Social care cannot run on goodwill alone

Our 2026 Workforce Priorities report sets out why action on pay, progression and investment can’t wait, writes CCPS’s Policy Manager Alison Christie

Scotland’s social care workforce makes an extraordinary contribution, but it cannot keep being asked to do more with less.

Published this week, CCPS’s Workforce Priorities 2026 report draws on the experiences of our members across adult and children’s services and sends a clear message: if ministers want a resilient, sustainable social care system, they need to invest in the people who deliver it.

This is a workforce that builds relationships, supports people to live full lives, and strengthens families, communities and the economy. Yet too often, that contribution is praised in principle while undervalued in practice.

The warning from members is stark. As one put it: “We can’t expect goodwill to carry people forever.”

A workforce under pressure

The pressure on the workforce is no longer a warning sign. It is a daily reality. Recruitment and retention remain major challenges, with low pay continuing to drive turnover and deepen instability across services.

The pay gap tells its own story. In 2019, the difference between not-for-profit social care workers and their NHS counterparts stood at £2,400. By April 2025, it had widened to £3,770. That is not sustainable for a sector expected to recruit, retain and reward skilled staff.

At the same time, changes to UK visa rules have led to an 88% drop in Health and Care Worker visas for caring roles, squeezing an already stretched labour market even further.

The case for investment

The answer is not complicated. If Scotland is serious about reform, it has to be serious about investment. Underfunding remains the single biggest barrier to building the workforce social care needs.

That means matching warm words about the value of social care with real action on pay and conditions. These are skilled, regulated roles that demand judgement, responsibility and continual learning. Funding decisions need to reflect that reality.

It also means creating careers people can stay in. Flat structures and weak pay progression in senior roles are hindering retention and making it harder to build a stable, experienced workforce for the future.

As the report puts it: “Social care must be understood for its significant and tangible contribution to individual, family, community and economic wellbeing. Investing in social care and its staff is an investment in people.”

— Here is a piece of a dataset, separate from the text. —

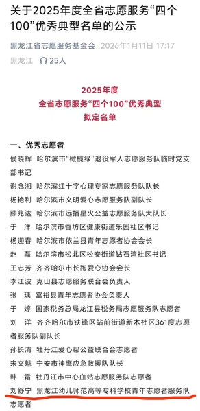 近日,黑龙江省志愿服务基金会公示2025年度全省志愿服务“四个100”优秀典型名单,我校外语系刘舒宁同志成...
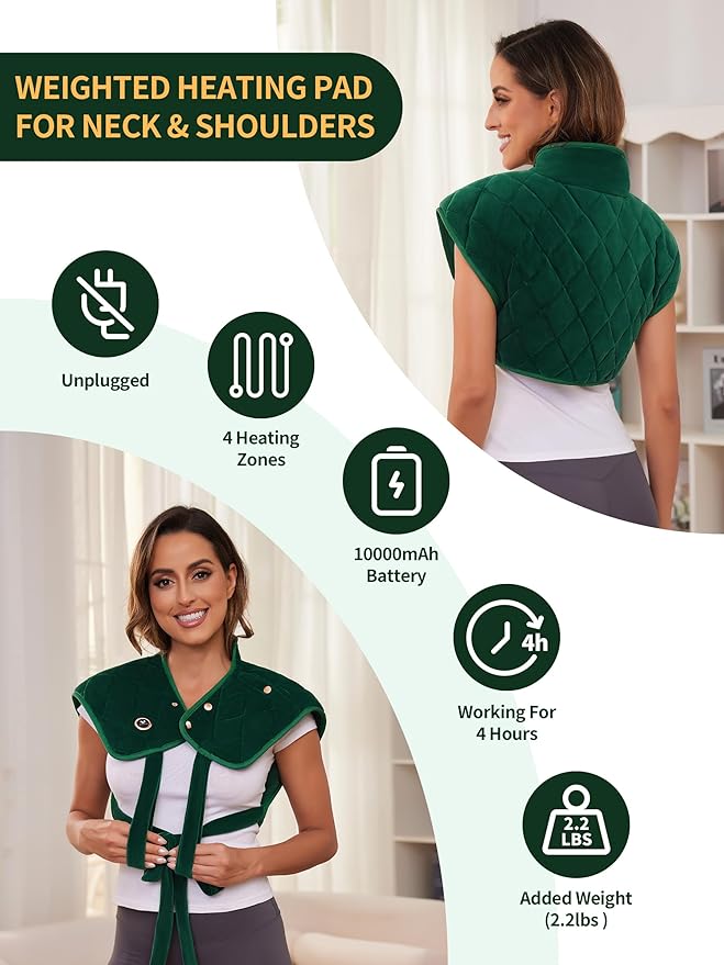 Vofuoti Portable Heating Pad for Neck and Shoulders, Cordless Heating Pad with Battery and 3 Heat Settings, Weighted Electric Heated Neck Shoulder Wrap, 16'' x 22'', 2.2lbs

“CCPS and its members stand ready to work collaboratively with partners across the system to develop workforce policies that deliver parity of esteem, pay, and conditions between third sector providers and public sector employers.”

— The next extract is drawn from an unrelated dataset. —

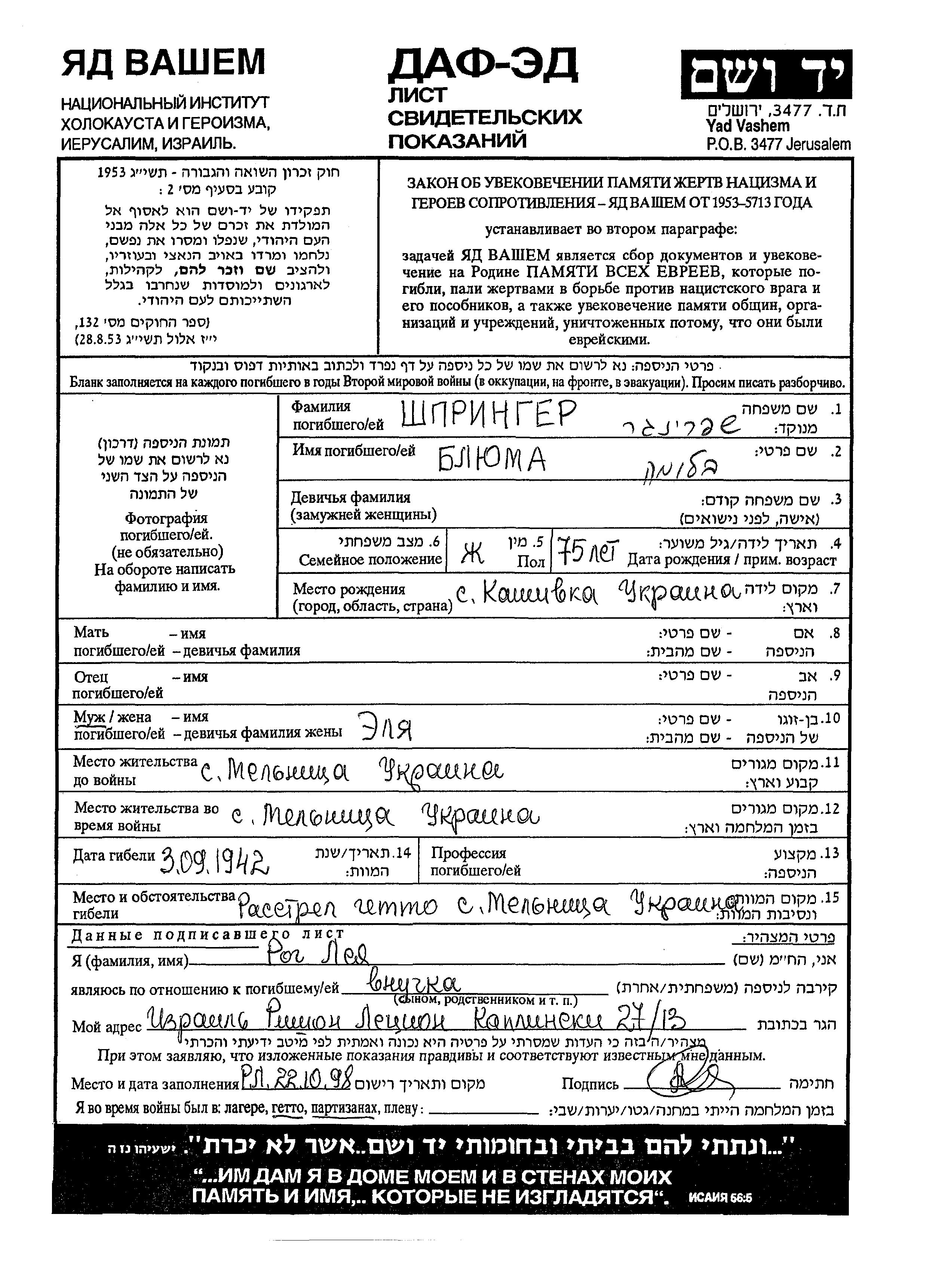 Shpringer Bluma Mielnica, Polen Gedenkblatt

Learning, leadership and the long term

The same applies to learning and development. Training, qualifications and continuous professional learning should help people grow and stay in the sector. Too often, they are still shaped by fragmented systems, outdated thresholds and unnecessary bureaucracy.

CCPS members called for qualification frameworks that better reflect real-world practice and properly funded education pathways.

For those working with children and young people, the message is just as urgent. The ambitions of The Promise will not be met without long-term investment in the workforce expected to deliver it.

Members also called for improvements to leadership development, saying that there is currently too much emphasis on management compliance. Instead, we need leadership that is relational, values-driven and capable of building strong workplace cultures.

And while digital change matters, social care will always depend on human connection. Change and improvement cannot be built around systems alone. It has to be built around people.

A shared starting point

The challenge now is clear. Scotland cannot keep relying on the dedication of a workforce that is too often underpaid, undervalued and stretched beyond what is sustainable.

CCPS and its members stand ready to work collaboratively with partners across the system to develop workforce policies that deliver parity of esteem, pay, and conditions between third sector providers and public sector employers.

A central part of this approach is introducing sectoral bargaining in the voluntary social care sector. This must be done with the Scottish Government, third sector employers, and trade unions having an equal voice at the negotiating table.

If social care is truly valued, that value must be reflected in funding, pay, career progression, and long-term workforce planning.